Anne Marie Knott from Wash U biz school raises briefly a profound question: how to maintain a major R and D budget when returns are graded quarterly and markets fluctuate by the second. Which always makes me realize how much better, in fact, is our corporate decision-making than it really should be. Out there is one alternative universe in which is really is the current stock price and the next quarterly report that shape every decision.
I’ve written elsewhere that, as it happens, the principal-agent problem (both here and also in the political realm) ends up helping to mitigate short-termism, since executives (like pols) want careers, and careers require reputations for long-term effectiveness.
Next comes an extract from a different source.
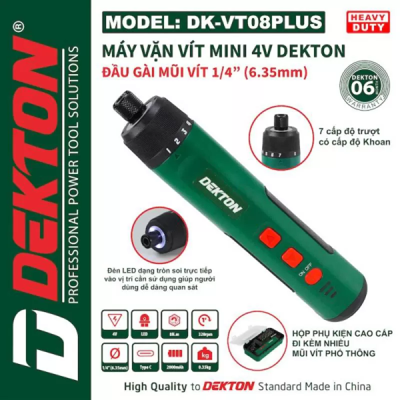 Máy Vặn Vít Mini 4V Dekton DK-VT08PLUS – 7 Cấp Trượt, Đầu 1/4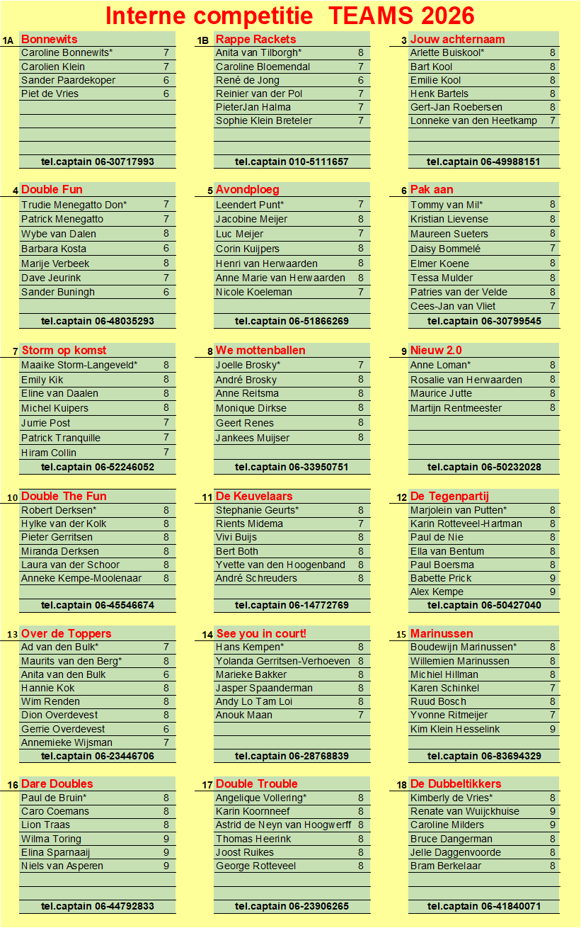 Home opzet competitie Inschrijfformulier Taken captains Invallers De Teams Poule uitslagen laatste speelronde baanverdeling Eindstand

There are other reasons too, the most legitimate of which lie in the minds of long-term investors (of whom there are still a few).
The point Anne Marie Knott makes tellingly here is that what she terms the research quotient (RQ, a way of measuring research commitment/effectiveness) offers a different slant on capitalization. My somewhat broader point would be that the market needs to find ways to place a more reliable value on both such balance sheet commitments and the willingness of the executive team to take short-term hits for long-term value. That might involve polygraphs in the C Suite. It certainly (sigh, don’t we know) involves coming up with salary and bonus structures that deliver what is needed rather than what gluttonous execs feel is their desert for a good day’s work. This may seem like rocket science, but as Elon Musk is demonstrating, rocket science isn’t necessarily, well, rocket science. And the growing shareholder revolt on executive remuneration, reaching most recently to Barclays and now very much a mainstream effort, can’t fail to help.
At the core, it’s all about the long term. And the fact that as change comes faster innovation becomes both more necessary and more risky is driving a very different kind of corporate culture from that to which big companies used to aspire.